Discos históricos: Usuário, do Planet Hemp (1995)
Álbum de estreia do grupo chegou com um forte posicionamento político
“É uma merda, parece que estamos na época da ditadura. Fico pensando o que pode levar o ser humano a fazer essas paradas. Toda essa celeuma por causa de um punhadinho de mato”, disse BNegão, para Folha de S. Paulo, ao ser perguntado sobre a prisão de um organizador de um show do Planet Hemp em Vitória, no Espírito Santo, e o cancelamento de outro em Salvador por conta de uma liminar expedida pela 1ª Vara Privativa de Tóxicos da Bahia, em 1996.

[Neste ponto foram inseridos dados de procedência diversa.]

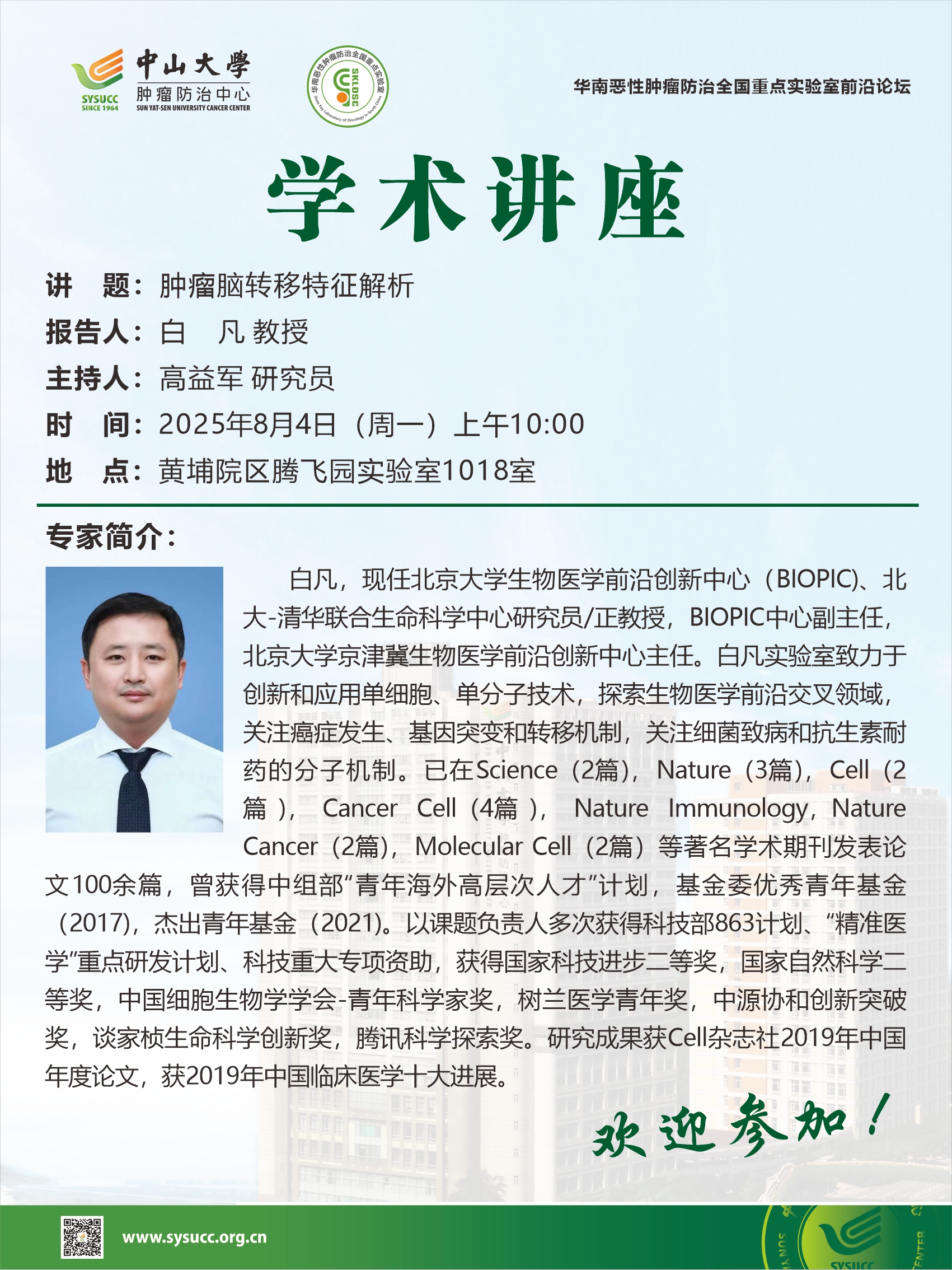 白凡教授-肿瘤脑转移特征解析-学术讲座

A banda formada por Marcelo D2, BNegão, Rafael Crespo, Formigão, Bacalhau e DJ Rodrigues enfrentava problemas com a justiça, com a polícia e com políticos críticos ao primeiro disco de estúdio, com letras explicitas sobre o uso da maconha e cheias de protestos pró-liberação. Como muitos brasileiros nascidos na periferia nos últimos dois séculos, tudo jogava contra eles: falta de emprego e falta de perspectiva. Mas, como muitos iguais a eles, a música surgiu como uma salvação para, ao menos por algumas horas, fugir da dura realidade.
O início se deu a partir da amizade de Skunk com D2, que se conheceram quando o segundo vendia camisetas e usava uma do Dead Kennedys na hora. Foi quase amor à primeira vista, afinal, o quão difícil era achar um camelô fã de punk e hardcore? Eles começaram a falar de música e não pararam mais. Skunk era da cena há muitos anos, sempre organizando coisas para os outros e para si, enquanto Marcelo escrevia o próprio material sonhando em viver de música.
Mas havia um empecilho: eles não tocavam nenhum instrumento, então partiram para o rap, que não precisa de muita coisa a não ser caneta e papel. Foi assim que o guitarrista Rafael, o baixista Formigão e o baterista Bacalhau, conhecidos de Skunk, chegaram e toparam fazer um ensaio. A coisa fluiu de um jeito que logo estavam fazendo shows e chamando atenção de todos. Era algo fresco aqui no Brasil, essa a mistura de rap com rock, já aclamada pelo som e fúria do Rage Against the Machine nos Estados Unidos.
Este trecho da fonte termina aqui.